Impedance-based cell index normalized to the non-treated control group after exposure of HGK to eluates of the evaluated polymers (PP, BE, ME) for 24 h (a) and 72 h (b). The first column of each group represents the cell index after incubation with the 24 h eluate and the second column with the 72 h eluate.
Light microscopic analysis of HGK after incubation with 72 h eluates of PP (a), BE (b), and ME (c) for 72 h in comparison to the non-treated control (d). HGK undergoing apoptosis are shown exemplarily using arrows.
MTT assay
The MTT assay showed a viability of 78% after incubation of HGK with the 24 h PP eluate (Fig. 4). The viability was reduced to 84% after incubation with the 72 h BE eluate. Both ME eluates as well as the 72 h PP and the 24 h BE eluate showed no reduced viability in the MTT assay. In accordance with ISO guideline24, a test specimen exhibits a cytotoxic potential when the viability is reduced to < 70%, which occurred for none of the evaluated polymers or time points.
Viability of HGK after exposure to eluates of the tested polymers (PP, BE, ME) in the MTT assay. The first column of each group represents the cell index after incubation with the 24 h eluate and the second column with the 72 h eluate.
Gene expression analysis
A qRT-PCR analysis was performed to investigate possible modulations of relevant genes related to apoptosis and inflammation. Electropherograms and virtual gels (Fig. 5) obtained from the total RNA extraction of HGK, both the unexposed control and after incubation with eluates, showed two distinct peaks for the control 18S and 28S rRNAs. The integrity and amount of total RNA was measured in all groups and considered as appropriate for the qRT-PCR analysis. Figure 6 shows the results of the qRT-PCR analysis for distinct biomarkers related to (pro-)apoptotic and (pro-)inflammatory processes after an incubation period of 72 h.
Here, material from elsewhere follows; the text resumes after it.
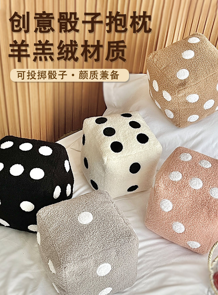 ins创意简约家居装饰靠枕趣味仿真骰子毛绒玩具沙发靠垫蒲团地垫
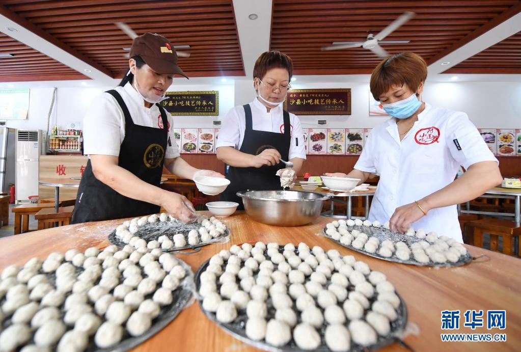 6月11日,在福建三明市沙县区,阿莲豆腐丸技艺传承人黄秀莲(中)和同事一起制作滚粉豆腐丸。

Exemplary electropherograms and virtual gels derived for HGK exposed to PP (a), BE (b), and ME (c) 24 h eluates, as well as unexposed HGK (control, d). In the electropherogram, the two peaks depict the 18S and 28S rRNA (arrows in a). The virtual gel (inserts in a–d) is reconstructed based on the peaks and the total RNA concentration.
Normalized up-/down-modulation of selected genes of apoptosis (a) and inflammation (b) in HGK exposed to 24 h and 72 h eluates from PP, BE and ME for 72 h referring to the untreated control. Data are normalized to the untreated control cells and the unregulated housekeeping genes GAPDH, RPL13A and UBC. The normalized expression was calculated using the 2−ΔΔCT method29. Asterisks (*) indicate significance (p < 0.05) compared to the untreated cells.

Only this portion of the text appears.